After playing out his one-year deal with Miami, Taylor signed a two-year deal worth up to $13 million with the New York in the spring of 2010.
Taylor had 5.0 sacks for the 11-5 Jets, who lost to the Pittsburgh Steelers in the AFC Championship Game, 24-19.
The Jets released Taylor on February 28, 2011. He signed with the Dolphins for a third and final time five months later.
Taylor had 7.0 sacks in his final NFL season – two came at the expense of controversial Philadelphia Eagles quarterback Michael Vick.
Taylor recorded his final career sack against legendary New England Patriots quarterback Tom Brady in the 2011 NFL season.
Taylor earned high praise from Brady, a seven-time Super Bowl winner with the Patriots and Tampa Bay Buccaneers.
“Regardless of the situation, Jason came after me with the same reckless abandon on each and every step, getting to his target often,” Brady wrote in a blog via Yahoo! Sports’ Jay Busbee in 2017. “It was his fierce tenacity that made him one of the league’s most dominant defenders for fifteen seasons.”
Miami won just six games in the 2011 NFL campaign and failed to contend for the postseason yet again.
Jason Taylor announced his retirement from the National Football League on December 28, 2011.
He concluded his sterling 15-year NFL career with 523 solo tackles, 47 forced fumbles, 29 fumble recoveries, eight interceptions, and three defensive touchdowns.
Taylor’s six fumble returns for touchdowns are the most in league history.
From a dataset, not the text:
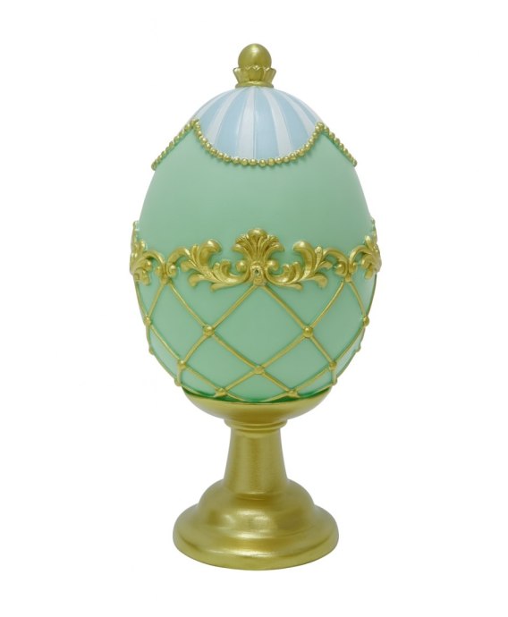 JAJKO CERAMICZNE ZIELONO-BŁĘKITNE NA ZŁOTYM POSTUMENCIE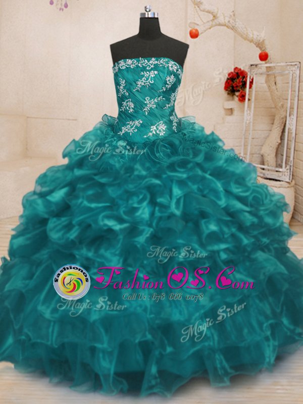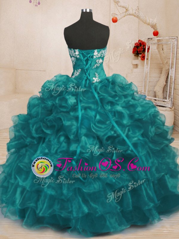 Smart Turquoise Sleeveless Organza Lace Up Quinceanera Gown for Military Ball and Sweet 16 and Quinceanera

He’s currently seventh in NFL history with 139.5 career sacks.
Jason Taylor also has three career safeties – one short of the league record that Doug English, Jared Allen, and Ted Hendricks share.
Taylor’s 246 fumble return yards rank him fourth in NFL history behind DeAngelo Hall (328), Osi Umenyiora (310), and Aeneas Williams (268).
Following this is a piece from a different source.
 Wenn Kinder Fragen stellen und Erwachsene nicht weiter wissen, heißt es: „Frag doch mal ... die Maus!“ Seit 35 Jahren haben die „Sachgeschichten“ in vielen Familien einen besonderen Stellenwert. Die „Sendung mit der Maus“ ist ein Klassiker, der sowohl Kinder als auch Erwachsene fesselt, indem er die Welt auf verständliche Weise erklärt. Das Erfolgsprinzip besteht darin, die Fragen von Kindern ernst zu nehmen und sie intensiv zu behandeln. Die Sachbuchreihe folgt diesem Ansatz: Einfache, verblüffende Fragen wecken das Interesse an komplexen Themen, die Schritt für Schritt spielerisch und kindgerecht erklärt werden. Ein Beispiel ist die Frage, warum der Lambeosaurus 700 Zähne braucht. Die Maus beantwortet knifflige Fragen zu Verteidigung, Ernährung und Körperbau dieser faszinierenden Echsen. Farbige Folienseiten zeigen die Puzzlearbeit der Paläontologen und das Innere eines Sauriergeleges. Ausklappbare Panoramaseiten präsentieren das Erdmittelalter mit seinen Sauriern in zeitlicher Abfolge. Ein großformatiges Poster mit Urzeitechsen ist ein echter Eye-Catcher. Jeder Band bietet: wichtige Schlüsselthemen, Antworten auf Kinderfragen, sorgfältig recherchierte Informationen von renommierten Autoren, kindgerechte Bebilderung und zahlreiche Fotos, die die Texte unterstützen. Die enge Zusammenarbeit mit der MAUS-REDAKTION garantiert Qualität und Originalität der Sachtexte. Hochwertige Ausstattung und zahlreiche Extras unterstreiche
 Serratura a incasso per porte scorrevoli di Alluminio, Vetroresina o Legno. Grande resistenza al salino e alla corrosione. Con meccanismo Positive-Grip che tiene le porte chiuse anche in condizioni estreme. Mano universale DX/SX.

Jason Taylor earned approximately $40 million in his 15-year NFL career.
Jason Taylor and his wife Monica have a son. They currently reside in the Fort Lauderdale, FL area.
Taylor and his ex-wife Katina, the sister of his Miami Dolphins teammate Zach Thomas, have two sons Isaiah and Mason and a daughter Zoe.
It wasn’t until 2015 when Jason and Katina finalized their divorce in Key West, FL.
Jason Taylor promised his ex-wife he’d pay her $8.67 million as an alimony payment. Katina Thomas-Taylor sued him in 2017 because she claimed he fell short on his promise by $3.4 million.
Taylor joined ESPN as a pro football analyst on June 6, 2012.
He and his good friend Zach Thomas became members of the Miami Dolphins Honor Roll four months later.
Taylor admitted he was still feeling the ill effects of the gridiron three years after he played his final down in the NFL.
“There’s things that nag a little bit,” Taylor told NPR.org in 2014. “You know, joints don’t bend as much as they used to.”
The Pro Football Hall of Fame inducted Jason Taylor in the summer of 2017.
Taylor joined the Miami Dolphins broadcast team three years later.
Taylor’s sons have followed in his footsteps on the gridiron. His older son Isaiah, a defensive back, committed to the Arizona Wildcats in January 2021.
His younger brother Mason, a tight end, committed to the LSU Tigers almost seven months later.
According to The Athletic’s Mario Navarro, Taylor joined Mario Cristobal’s Miami Hurricanes coaching staff on March 4, 2022.
Taylor’s addition fortifies a Hurricanes coaching lineup that also includes his fellow Hall of Famer Ed Reed, who currently serves as the team’s chief of staff.